His contentions were rejected when the court found Paycom’s “claims against OCPA relate[d] to or [were] in response to the OCPA’s exercise of the right to free speech.” The judicial ruling found the Paycom lawsuit meritless and that there was “absence of any evidence of actual malice by OCPA.”
This lawsuit was not the first time Paycom has used its considerable resources to try to influence various entities — some much larger than OCPA. In 2020, Richison criticized past efforts at diversity and inclusion at the University of Oklahoma, saying “previous diversity training efforts failed because they assured free speech protection.”

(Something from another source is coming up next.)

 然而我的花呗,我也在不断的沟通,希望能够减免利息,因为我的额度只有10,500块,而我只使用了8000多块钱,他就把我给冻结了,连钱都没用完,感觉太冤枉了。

The sanctions process in court has steadily unveiled earlier examples of Richison’s low regard for the OCPA leadership’s exercise of free speech rights. OCPA’s legal counsel also brought up prior instances where Paycom has targeted members of OCPA’s board, including Larry Parman and former board member Frank Keating. According to OCPA’s legal counsel, these prior attacks demonstrate a vindictiveness on the part of Paycom that warrants significant sanctions.
In an October 2017 email, Larry Parman, an OCPA board member, said he heard from Richison in the midst of OCPA’s efforts to oppose tax-increase proposals at the state Legislature. According to an argument made by OCPA’s attorney, Richison told Parman that OCPA was in conflict with Paycom and said OCPA needed to back off.
Parman, also at the time a Paycom board member, ultimately stepped down from his position with Paycom.
OCPA president Jonathan Small says the clash centers over freedom of speech rights. OCPA’s legal counsel has pressed a belief that the proceedings should include a focus on the Oklahoma Citizens Participation Act, an anti-SLAPP (Strategic Lawsuit Against Public Participation) law.
That law, similar to provisions in many states, affirms that wealthy litigants should not be able to crush the rights of individuals or groups to speak out on contentious public policy questions without fear of economic reprisals.